Jedd Hunter’s commercial: The League of Gentlemen

I’ve been to the most awful advert auditions. In commercial castings, you leave your dignity at the door. Directors have had me eating giant jalapeños while improvising a Mexican dance, and I’ve dressed as a banana and enthusiastically played the drums for a Spanish aspirin ad.

Once, I was asked to deliver a line for a second time, ‘but this time make it sound more purple’?! From hearing some of my pals’ experiences though, I’ve been pretty lucky; Jen was filmed having an orgasm in a wheelie bin.

Whenever I come out of a particularly excruciating casting, I like to watch this sketch. It always makes me feel a just teensy bit less of a wanker…

 

Vic and Bob: Stars In Your Eyes

There are no words. I just like the dance he does when he’s pretending to be George Michael.

 

Lance Krall : Man Of a Thousand Voices sketch

I’ve always been a practical joker/annoying idiot. Since being a little shit, I’ve executed an embarrassment of cunning stunts, from hiding mum’s car keys in the butter to saying ‘BOO!’ from inside the washing machine, or taking apart a flying saucer sweet and replacing the sherbet with salt.

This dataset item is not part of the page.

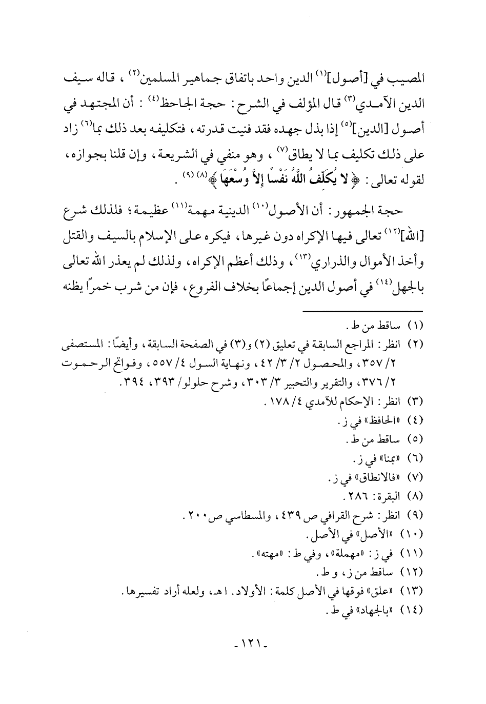 المصيب في [أصول] (¬1) الدين واحد باتفاق جماهير المسلمين (¬2)، قاله سيف الدين الآمدي (¬3) قال المؤلف في الشرح: حجة الجاحظ (¬4): أن المجتهد في أصول [الدين] (¬5) إذا بذل جهده فقد فنيت قدرته، فتكليفه بعد ذلك بما (¬6) زاد على ذلك تكليف بما لا يطاق (¬7)، وهو منفي في الشريعة، وإن قلنا بجوازه، لقوله تعالى: {لَا يُكَلِّفُ اللَّهُ نَفْسًا إلا وُسْعَهَا} (¬8) (¬9).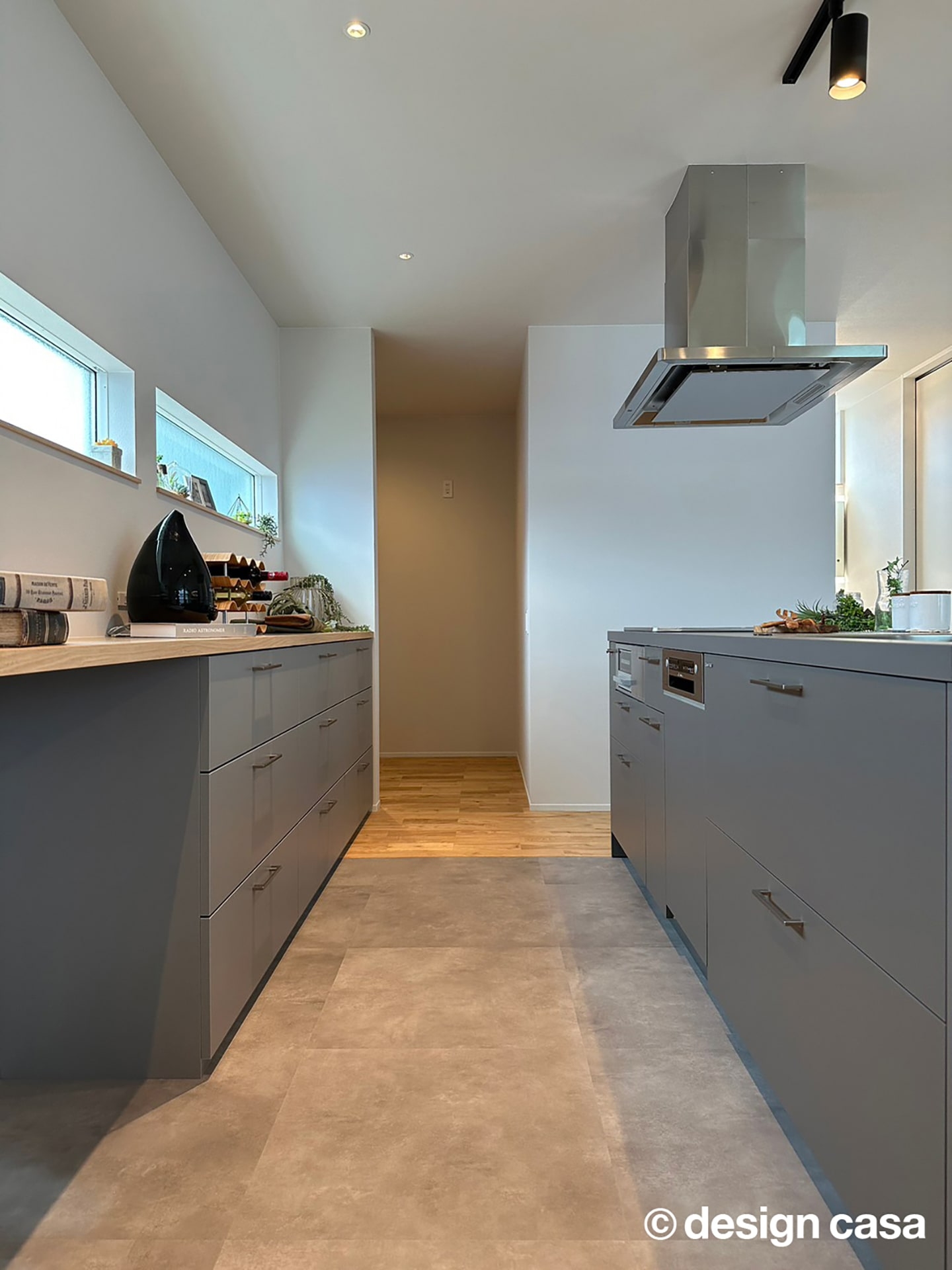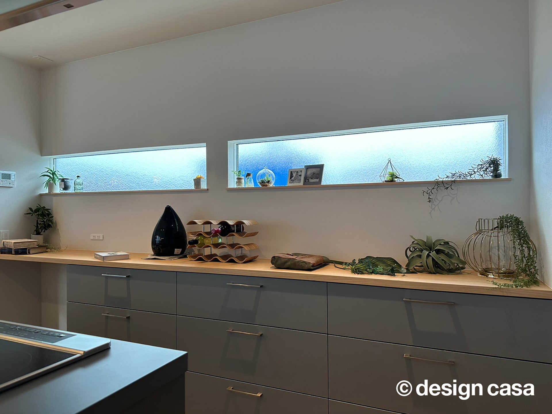 収納とカウンターが一体となったバックセットは、調理器具や小物をすっきりと整理でき、キッチン全体を美しく保てるのが特徴です。壁面には横長の窓が設けられ、自然光を取り込みながら、外からの視線を遮る工夫がされています。お気に入りの雑貨や植物をディスプレイすることで、暮らしに彩りを加えられます。

But there’s nothing better than a prank call, especially when you combine it with stupid impressions and trying not to laugh.

My grandpa and his Mechanical Musical Hat Machine

My grandpa, Jules Ruben (1912-2006), was a jazz pianist, inventor and mentalist. Like me, he did impressions – but of other jazz musicians.

Jules could play in any style from Gershwin to Duke Ellington to Ray Charles, and his bizarre act (which wouldn’t look out of place on a Vic and Bob show or BGT), was just one of many inventions.

I never really knew grandpa; by the time I was proper person, he had Alzheimer’s. But he remains in many ways, my biggest influence.

PS: See if you can spot a young Janet Street-Porter in the audience.